Szybko minął. Oczywiście został po nim jeszcze na lata entuzjazm, ale resztki wiary w cuda powoli wygasały. 11 września 2001 był szokiem. Wskazał, że jest ktoś, kto w imię zupełnie innych wartości czai się na nasz sukces i nasze powodzenie. Czy to tylko pełen złej wiary zamachowiec? Czy może jakiś wirus, który zaszczepiony w utopijnej wizji Fukuyamy zaczyna drążyć system od środka i będzie to robił konsekwentnie aż do jego zniszczenia? Minęły kolejne lata. Wirus spowodował, że spora część naszego świata zamieniła się w chory organizm przytłoczony ciężarem złośliwej narośli.

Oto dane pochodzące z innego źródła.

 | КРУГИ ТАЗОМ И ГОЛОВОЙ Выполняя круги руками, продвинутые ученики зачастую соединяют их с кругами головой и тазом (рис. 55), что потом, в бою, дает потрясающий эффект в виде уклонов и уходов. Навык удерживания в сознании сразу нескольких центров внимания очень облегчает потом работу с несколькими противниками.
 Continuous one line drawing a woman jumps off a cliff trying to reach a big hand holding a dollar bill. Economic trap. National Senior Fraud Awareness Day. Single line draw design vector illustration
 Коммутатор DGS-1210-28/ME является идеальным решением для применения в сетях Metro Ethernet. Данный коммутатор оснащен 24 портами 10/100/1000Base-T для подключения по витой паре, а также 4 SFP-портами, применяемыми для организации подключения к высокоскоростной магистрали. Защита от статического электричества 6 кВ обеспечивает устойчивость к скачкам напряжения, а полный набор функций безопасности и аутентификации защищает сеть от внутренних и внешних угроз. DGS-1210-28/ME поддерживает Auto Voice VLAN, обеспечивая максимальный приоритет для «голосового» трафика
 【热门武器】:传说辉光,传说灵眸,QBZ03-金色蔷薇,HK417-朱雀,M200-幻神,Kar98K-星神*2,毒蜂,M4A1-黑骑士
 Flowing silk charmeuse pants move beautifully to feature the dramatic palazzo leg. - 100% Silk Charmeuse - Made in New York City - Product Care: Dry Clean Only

Kiedy w przeddzień kolejnych polskich świąt myślę o minionym roku, trudno jest mi się oderwać od ogromu konfliktów, jakie po sobie pozostawił. Trudno zapomnieć, że na zrewoltowanym Bliskim Wschodzie toczy się najkrwawsza z wojen religijnych, jakich doświadczył świat od z górą trzystu lat. To na szczęście jeszcze nie światowa konfrontacja bloków politycznych, jaką była pierwsza wojna światowa, czy dwóch obozów ideologicznych, jaką była druga. To też nie ludobójstwo na tle etnicznym, jak tamto na Bałkanach, w Sri Lance czy Rwandzie. Ale czy wojna religijna jest lepsza? Bezpieczniejsza? W żadnej mierze, bo zazwyczaj stawia naprzeciw siebie ludzi tej samej rasy, tego samego języka i każe im zabijać w imię Boga, a w imię Boga zabija się bez litości.

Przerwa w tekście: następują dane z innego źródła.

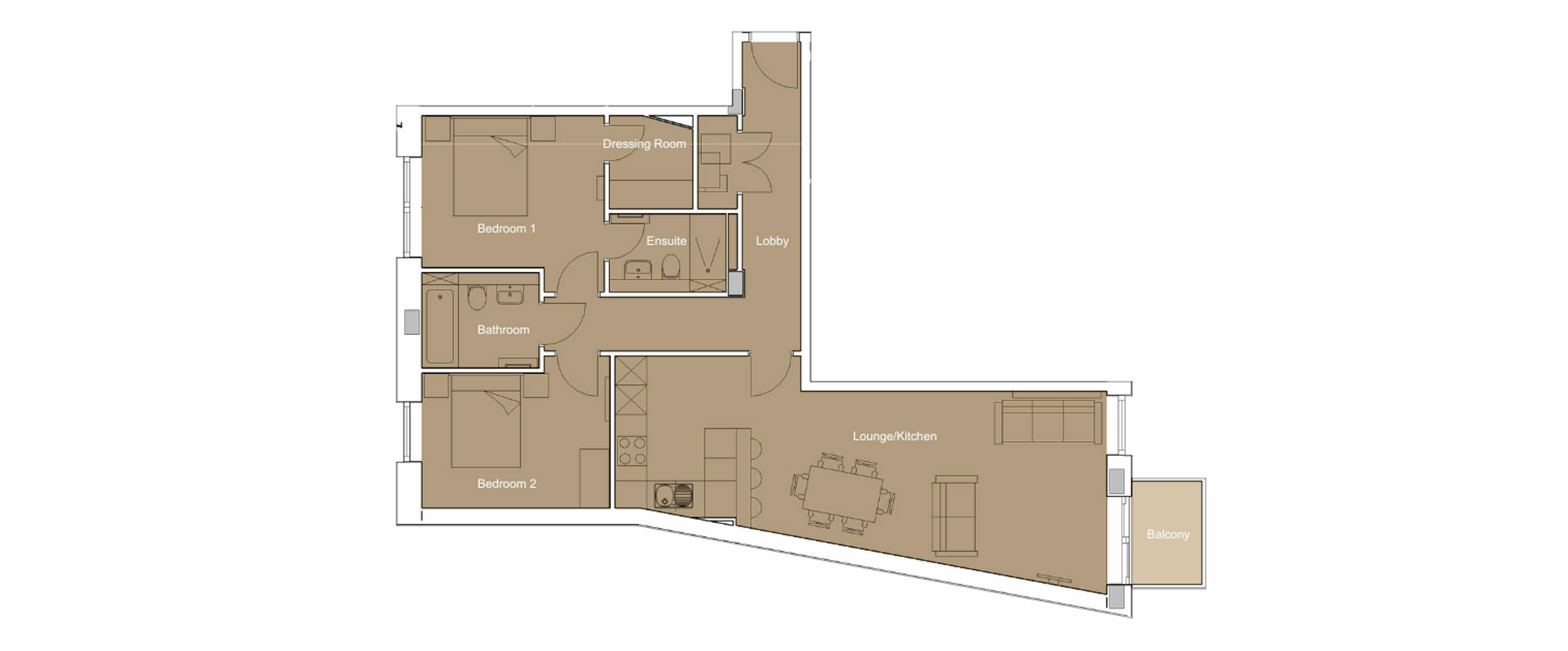 This generous two-bedroom apartment has been carefully designed to balance space, comfort and style. At its centre is an impressive open plan kitchen, living and dining area, stretching over 32 ft in length, with doors opening onto a private balcony overlooking the landscaped courtyard gardens – a perfect retreat for fresh air and relaxation.

Kilka dni temu wstrząsnął mną film z egzekucji dokonanej przez wojowników Państwa Islamskiego na kilku bezbronnych Irakijczykach. Uzbrojony patrol zatrzymał ciężarówkę. Kierowcę i dwóch pasażerów wyciągnięto na zewnątrz. Sprawdzono dokumenty. Kiedy się okazało, że są szyitami, odprowadzono ich na pobocze i zastrzelono z zimną krwią. Jeden z dumnych bojowników Kalifatu filmował całą scenę telefonem komórkowym. Niedługo później świat dowiedział się, że zgodnie z oficjalnymi zarządzeniami władz ISIS kobietami można legalnie handlować, bić je i gwałcić. Zazwyczaj są już sierotami po wymordowanych wcześniej mężczyznach. Pod koniec roku talibowie dokonali rzezi na dzieciach w pakistańskim Peszawarze. Porwania i gwałty w imię Allaha wciąż są na porządku dziennym w północnej Nigerii, gdzie rządzi Boko Haram, i w tej części Somalii, którą kontrolują członkowie Al-Szebab.

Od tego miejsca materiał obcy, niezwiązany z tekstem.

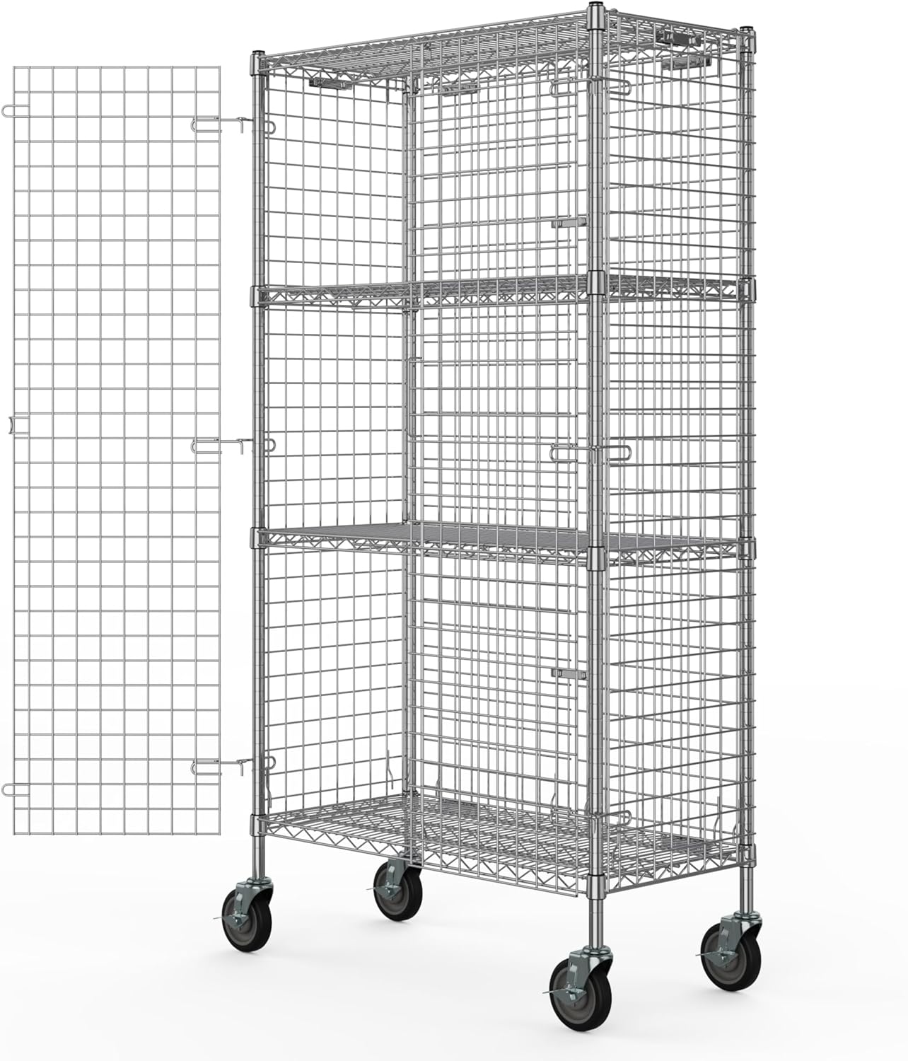 18" W x 36" L x 69" H Heavy Duty Utility Commercial Grade Metal Storage NSF Unit | Chrome Mobile Security Wire Cage Kit
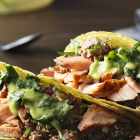 Lisukkeet: Lämmitä tacokuoret uunissa ja täytä kvinoapicolla, lohella ja avokadokastikkeella. Koristele hienonnetulla korianterilla.
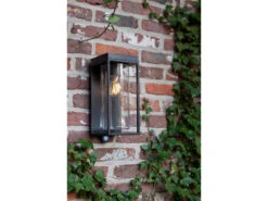 Die rustikale Wandlampe ist aus Aluminiumguss gefertigt und setzt mit der Farbgebung in Schwarz matt, in Kombination mit dem transparenten Glas, gekonnte Akzente an der Hauswand, die Schutzart IP44 unterstreicht die Witterungsbeständigkeit der eckigen Leuchte. Die Wandleuchte hat eine Höhe von 28,5cm und eine Breite von 12cmx 13,8cm.

Co na to Fukuyama? Czy dostrzega w tym jakąś tendencję? Jakiś proces? Jaka jest jego interpretacja tych zdarzeń, które jak wzburzona rzeka podmywają brzegi naszej cywilizacji? Nie znajduję w wywiadzie w „Wyborczej" jakichś głębszych wyjaśnień. Jedynego zagrożenia dla bezpieczeństwa świata stabilnych demokracji Fukuyama zdaje się doszukiwać w mocarstwowych ambicjach Rosji i Chin. O konfrontacji na Bliskim Wschodzie w wywiadzie nie ma ani słowa. Nieudolność dziennikarza? A może realny problem interpretacyjny autora „Końca historii", który zwyczajnie nie wie, co powiedzieć i jak wkomponować konfrontację religijną w wykreowaną przez siebie wizję historii?